Two-dimensional (2D) embedding methods are crucial for single-cell data visualization. Popular methods such as t-SNE and UMAP are commonly used for visualizing cell clusters; however, it is well known that t-SNE and UMAP's 2D embedding might not reliably inform the similarities among cell clusters. Motivated by this challenge, we developed a statistical method, scDEED, for detecting dubious cell embeddings output by any 2D-embedding method. By calculating a reliability score for every cell embedding, scDEED identifies the cell embeddings with low reliability scores as dubious and those with high reliability scores as trustworthy. Moreover, by minimizing the number of dubious cell embeddings, scDEED provides intuitive guidance for optimizing the hyperparameters of an embedding method.

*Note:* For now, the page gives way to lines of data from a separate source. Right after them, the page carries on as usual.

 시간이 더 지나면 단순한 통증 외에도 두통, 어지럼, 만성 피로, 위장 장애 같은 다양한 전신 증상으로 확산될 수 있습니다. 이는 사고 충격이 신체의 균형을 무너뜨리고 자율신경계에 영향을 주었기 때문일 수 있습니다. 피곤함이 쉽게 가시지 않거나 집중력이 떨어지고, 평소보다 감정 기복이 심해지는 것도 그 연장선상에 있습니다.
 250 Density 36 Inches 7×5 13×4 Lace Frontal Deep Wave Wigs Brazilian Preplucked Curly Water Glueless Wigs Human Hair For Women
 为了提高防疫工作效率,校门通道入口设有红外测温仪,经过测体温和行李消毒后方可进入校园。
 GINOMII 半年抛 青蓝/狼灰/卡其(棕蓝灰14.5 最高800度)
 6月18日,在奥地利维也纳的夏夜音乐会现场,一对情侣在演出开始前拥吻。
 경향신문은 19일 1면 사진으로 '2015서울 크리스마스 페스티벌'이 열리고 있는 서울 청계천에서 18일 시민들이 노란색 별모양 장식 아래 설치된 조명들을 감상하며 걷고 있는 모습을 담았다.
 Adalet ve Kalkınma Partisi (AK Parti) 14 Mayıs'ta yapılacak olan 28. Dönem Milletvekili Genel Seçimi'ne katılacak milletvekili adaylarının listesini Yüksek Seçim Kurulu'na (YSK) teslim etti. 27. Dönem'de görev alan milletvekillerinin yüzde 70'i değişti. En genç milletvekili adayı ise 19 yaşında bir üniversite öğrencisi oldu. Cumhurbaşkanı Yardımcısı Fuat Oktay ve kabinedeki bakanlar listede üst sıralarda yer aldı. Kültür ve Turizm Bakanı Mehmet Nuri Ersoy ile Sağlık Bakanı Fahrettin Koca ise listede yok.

Applied to multiple scRNA-seq datasets, scDEED demonstrates its effectiveness for detecting dubious cell embeddings and optimizing the hyperparameters of t-SNE and UMAP.

摘要

二维(2D)嵌入方法对于单细胞数据可视化至关重要。诸如t-SNE和UMAP等流行方法通常用于可视化细胞簇;然而,众所周知,t-SNE和UMAP的二维嵌入可能无法可靠地反映细胞簇之间的相似性。受此挑战的启发,我们开发了一种统计方法scDEED,用于检测任何二维嵌入方法输出的可疑细胞嵌入。通过计算每个细胞嵌入的可靠性得分,scDEED将可靠性得分低的细胞嵌入识别为可疑嵌入,将可靠性得分高的细胞嵌入识别为可信嵌入。此外,通过最小化可疑细胞嵌入的数量,scDEED为优化嵌入方法的超参数提供了直观的指导。应用于多个scRNA-seq数据集时,scDEED证明了其在检测可疑细胞嵌入以及优化t-SNE和UMAP超参数方面的有效性。